-- EXERCISE BRIEF --
Transcribe, leaving out every picture, the lines that run from the start of the listing below through the line with "In the afternoon, we".

-- DATA --
------------
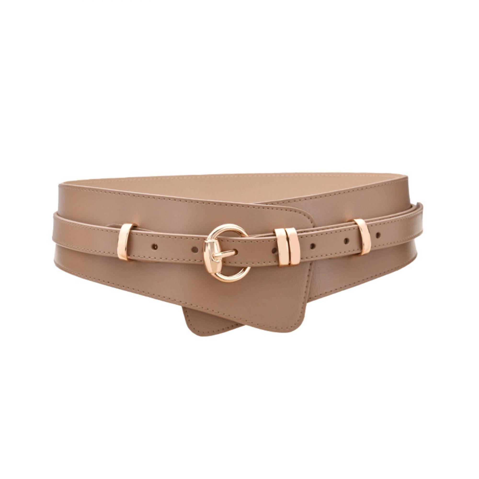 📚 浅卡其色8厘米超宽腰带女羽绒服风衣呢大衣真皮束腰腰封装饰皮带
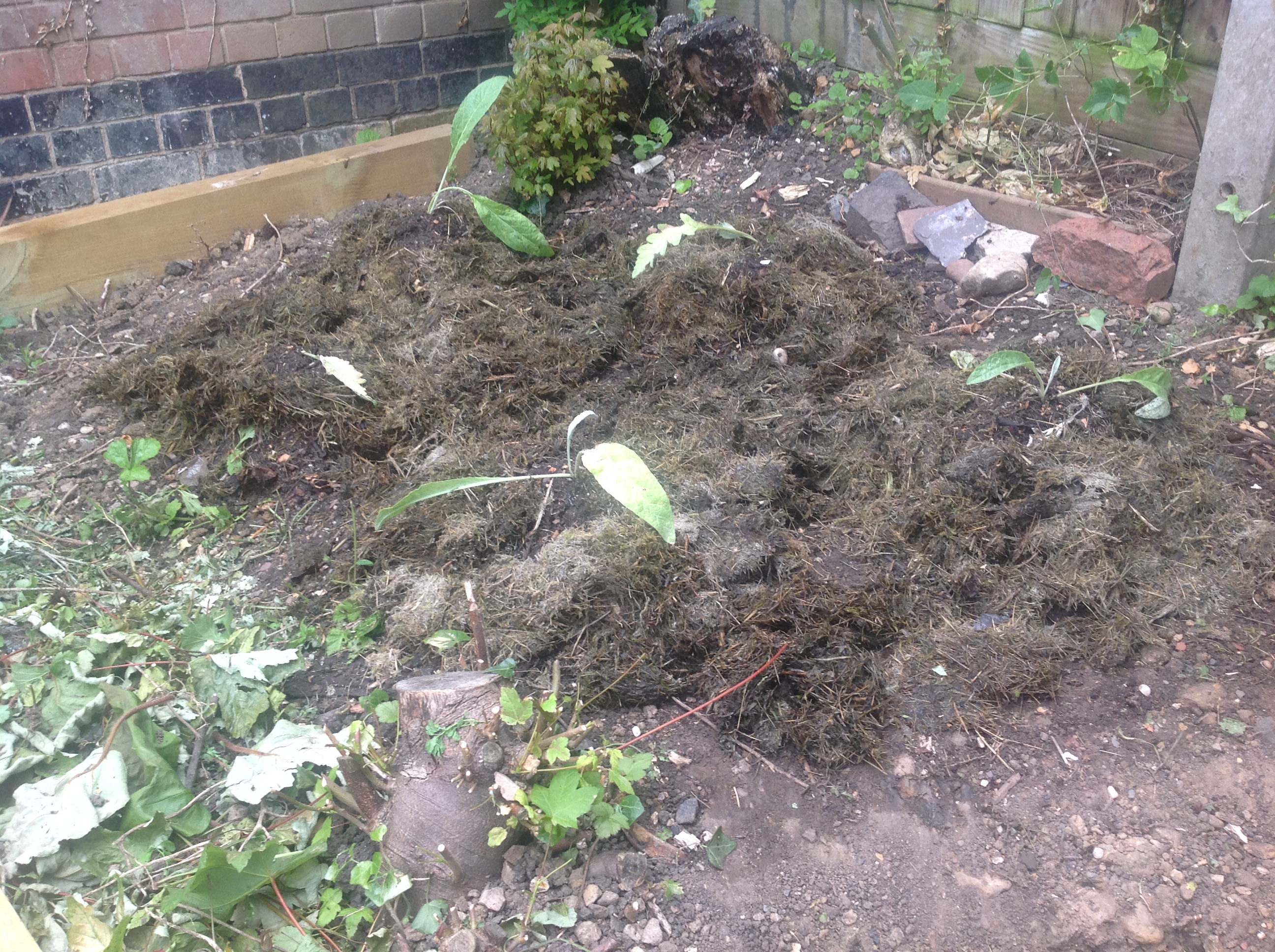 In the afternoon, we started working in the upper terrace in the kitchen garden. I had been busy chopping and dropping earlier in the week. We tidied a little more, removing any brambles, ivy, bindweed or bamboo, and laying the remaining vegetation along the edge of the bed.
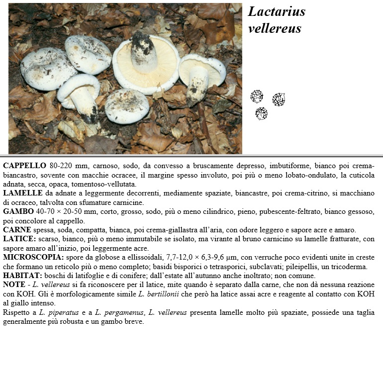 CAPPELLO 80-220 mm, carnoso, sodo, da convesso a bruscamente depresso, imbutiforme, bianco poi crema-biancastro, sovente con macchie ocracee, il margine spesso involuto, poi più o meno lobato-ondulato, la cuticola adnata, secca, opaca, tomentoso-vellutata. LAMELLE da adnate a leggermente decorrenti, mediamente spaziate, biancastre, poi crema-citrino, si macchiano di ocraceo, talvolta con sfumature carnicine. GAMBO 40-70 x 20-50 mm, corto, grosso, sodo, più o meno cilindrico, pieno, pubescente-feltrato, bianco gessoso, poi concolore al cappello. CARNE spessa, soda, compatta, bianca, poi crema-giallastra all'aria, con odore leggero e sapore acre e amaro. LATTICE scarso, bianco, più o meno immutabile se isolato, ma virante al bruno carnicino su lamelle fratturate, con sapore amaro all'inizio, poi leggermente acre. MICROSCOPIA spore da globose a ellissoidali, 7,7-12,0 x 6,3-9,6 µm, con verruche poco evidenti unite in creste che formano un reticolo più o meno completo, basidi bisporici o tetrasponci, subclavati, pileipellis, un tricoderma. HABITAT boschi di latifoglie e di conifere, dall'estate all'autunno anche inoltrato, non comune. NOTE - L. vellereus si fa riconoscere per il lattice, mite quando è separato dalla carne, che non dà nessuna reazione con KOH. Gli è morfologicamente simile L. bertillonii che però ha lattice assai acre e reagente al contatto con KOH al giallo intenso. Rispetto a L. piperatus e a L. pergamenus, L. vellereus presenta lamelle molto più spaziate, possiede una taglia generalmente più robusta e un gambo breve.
------------
-- OUTPUT --
 📚 浅卡其色8厘米超宽腰带女羽绒服风衣呢大衣真皮束腰腰封装饰皮带
 In the afternoon, we started working in the upper terrace in the kitchen garden. I had been busy chopping and dropping earlier in the week. We tidied a little more, removing any brambles, ivy, bindweed or bamboo, and laying the remaining vegetation along the edge of the bed.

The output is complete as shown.